(TASK BRIEF):
Below are entries with pictures in them. Output exactly the lines starting at the line with "Manyavar Men's Linen" and ending at the line with "The prAna Ibid", both included, but not the pictures.

(PROVIDED INFORMATION):
━━━━━━━━━━

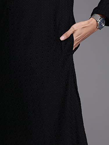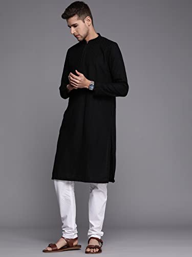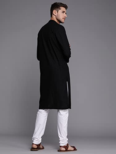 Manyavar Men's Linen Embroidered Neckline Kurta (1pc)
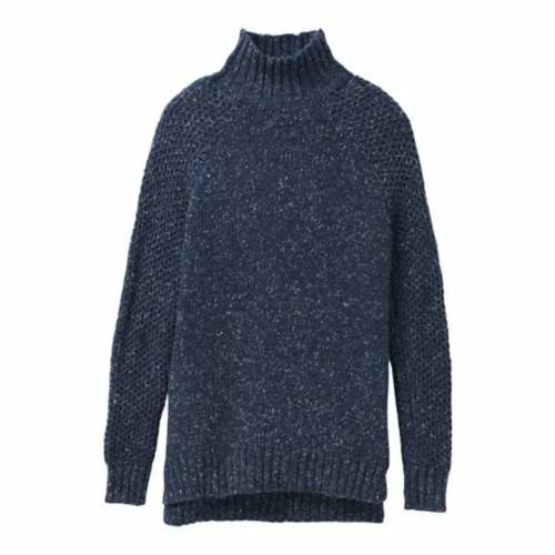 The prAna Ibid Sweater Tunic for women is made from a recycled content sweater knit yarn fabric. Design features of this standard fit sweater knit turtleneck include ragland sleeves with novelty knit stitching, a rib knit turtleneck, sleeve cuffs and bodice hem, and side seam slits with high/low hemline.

━━━━━━━━━━

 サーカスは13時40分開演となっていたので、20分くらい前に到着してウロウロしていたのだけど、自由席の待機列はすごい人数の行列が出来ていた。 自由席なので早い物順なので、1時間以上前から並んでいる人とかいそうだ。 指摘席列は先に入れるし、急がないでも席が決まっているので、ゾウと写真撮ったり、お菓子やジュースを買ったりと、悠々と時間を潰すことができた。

━━━━━━━━━━

(ANSWER SECTION):
 Manyavar Men's Linen Embroidered Neckline Kurta (1pc)
 The prAna Ibid Sweater Tunic for women is made from a recycled content sweater knit yarn fabric. Design features of this standard fit sweater knit turtleneck include ragland sleeves with novelty knit stitching, a rib knit turtleneck, sleeve cuffs and bodice hem, and side seam slits with high/low hemline.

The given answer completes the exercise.